# My computer does not send jobs to the vinyl cutter



## Selkirk (Feb 18, 2010)

Hello! I cannot get my computer to send jobs to my vinyl cutter? Any ideas? it will say cutting 0%, and will never do anything else. Then it will say write port error, or cannot find port. Thanks for reading


----------



## Nvr2Old (Oct 14, 2009)

Need a lot more info if you want a response.
Computer type, operating system, usb or parallel ports, brand of cutter etc.


----------



## Selkirk (Feb 18, 2010)

Windows Vista is what is on my computer. I have tried to download Flexistarter 8.5 on 4 computers now and im sure its something that im not doing right. 
Today I downloaded Inkscape, and Sign Cut- X2. Then I watched a video on you tube "how to make a sign in 5 min." did everything he showed me and it would not send it to my cutter??? 

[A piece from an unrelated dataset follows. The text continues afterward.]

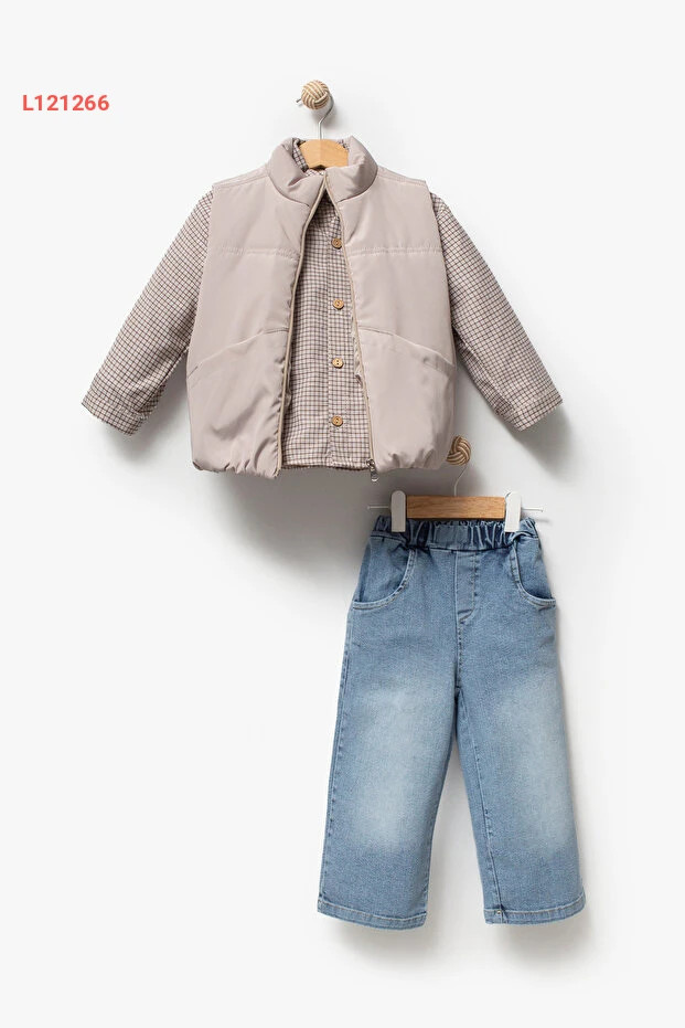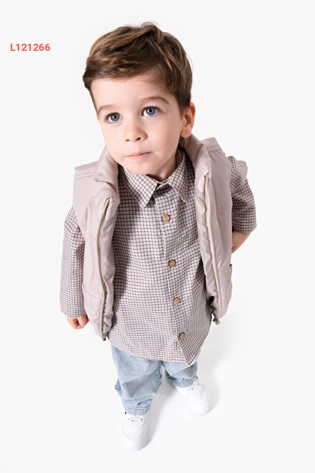 اكتشفوا أناقة فصل الأعياد مع طقم Jikko Baby المكون من ثلاثة قطع، الذي يجمع بين القميص الكلاسيكي ذو التصميم المميز والسترة الأنيقة. مصنوع من خامات عالية الجودة، يضمن راحة تامة لطفلك أثناء الاحتفال، مع لمسة من الأناقة العصرية التي تبرز شخصيته. اختياره الأمثل للمناسبات، ليظهر طفلك بأفضل طلةٍ له!

The vinyl cutter is a Procut Signature CR630. We just figured out how to get that to make a test cut last night. lol! Thanks!


----------



## Nvr2Old (Oct 14, 2009)

If you are trying to set up with usb ports, it can get tricky. Did you install your drivers, from the driver disk yet?
If so, the driver may need to be configured to emulate a serial port to work on a usb connection. If you purchased cutter new, I would recommend contacting support to help you configure your driver properly.


----------



## Selkirk (Feb 18, 2010)

How do I configure the driver?


----------



## Nvr2Old (Oct 14, 2009)

I'm not familiar with your cutter or drivers, but I can tell you how my cutter's FTDI driver is set up.
Go to the start menu and type dev, open device manager.
If cutter is connected by usb, (make sure usb cable is plugged in) expand usb in device manager.
look for your driver and right click on it.
Look for com settings or advanced settings,
Find virtual com port and assign an available number
Look for hardware settings, set for 8-n-1 stop bits, Hardware handshake on. 
Open your cutting software and look for your cutter name (driver name) assign the com port number to the same number as virtual port on driver. 
With any luck your computer will communicate with the cutter.


----------